Norwegian: something isn’t quite right

It doesn’t matter what I hear about Norwegian services, customer reaction is always positive, the product seems to be what people want and they don’t mind saying so.

Behind the scenes I remain convinced there is something seriously wrong with this company and how it’s financed. I spent years in big corporate environments and I know, instinctively when the smell of BS is in the air. And with Norwegian, that smell just won’t go away. It’s not strong, but it’s always hanging about. Except at the London Aviation fair yesterday I watched it turn into a momentary fug and the air was thick with it, before being quickly blown away by the PR people, those amoral hacks who sell their souls to the devil for cash.

The Norwegian Group was forced to recognise that it may have to quickly sell its Irish based lease operation Arctic Aviation to raise cash. Cash shortages have been an issue it’s been rumoured, made public by RyanAir’s Michael O’Leary. Industry insiders know more about it and in August Norwegian Group shares were ‘shorted’ on the stock market by agressive traders smelling a rat. O’Leary’s comments caused a 10% stock drop on top of that. Share price helps determine worth and borrowing capacity. This wasn’t good news.

So the cash shortage appears to be true. Made worse by a massive spending spree on new aircraft they really can’t afford, because the way the company operates is starting to reach a point it can’t maintain.

My personal view is that Norwegian is like a legalised Ponzi scheme. It works by sucking in cash, which it invests in more aircraft to suck up more cash to invest in more aircraft to suck up more cash. You get the picture.

It’s also borrowing money to invest in aircraft it leases as part of the process to suck in more cash. It’s doubling its 787 fleet this year alone.

What happens if you don’t suck in enough cash? What if the market is too competitive? What if passenger numbers are high but the cash you thought they’d generate isn’t paying for what you have never mind what you’re committed to?

And you can sit there and say as a group you made a paper profit every year but it’s been marginal and insubstantial, and there have been some massive quarterly disasters, this year hasn’t been good.

What happens when the banks – even the ones your Group part owns, find it hard to lend you any more money? Income doesn’t match outgoings and you hit your credit limit?  You sell something or make cuts.

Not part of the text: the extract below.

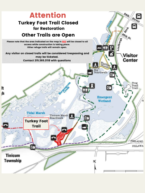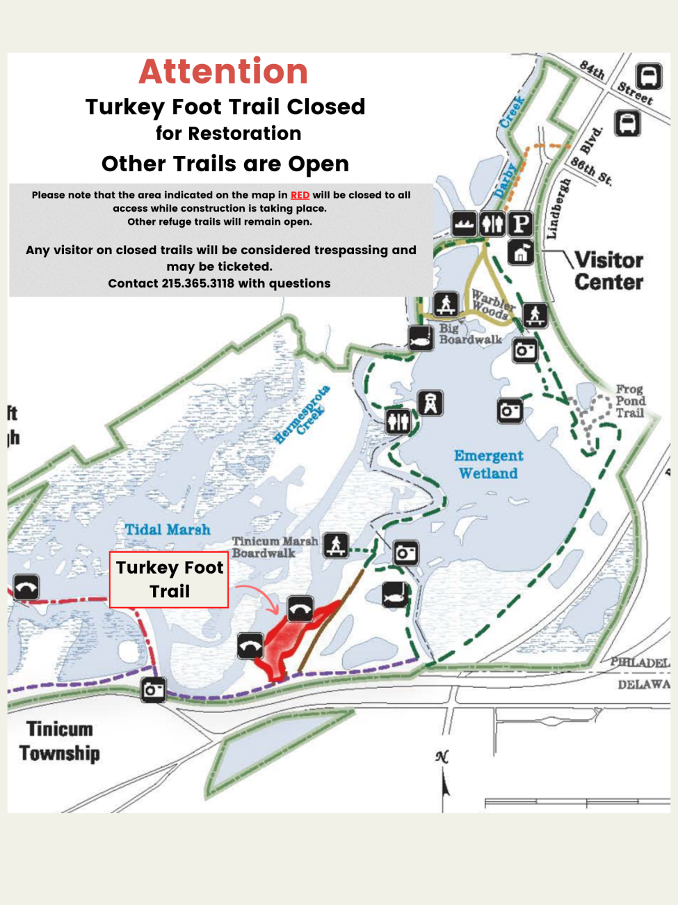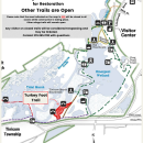 Trail map displaying the temporary Turkey Foot Trail closure in red.

The later isn’t something Norwegian can admit it needs to do, any public perception it might be unable to be fully, blatantly, obviously forward looking and blisteringly successful, doesn’t sit with the PR generated image the public see.

Norwegian blustered their way past it. It even got reported on Bloomberg- never a good thing.

They claim they won’t sell Arctic until it’s taken delivery of 100 Neo’s next year (and its assets are worth more), but I’m not so sure they have that long. “Pride”, as they say, “cometh before a fall”. Norwegian is full of bloated pride and it’s spent too long believing it’s own hype.

Something isn’t right. And it never has been. I have no desire to be right. That it will make people like Willy Walsh, smugly titter into his morning coffee at IAG, is sufficient reason for me to want to be wrong.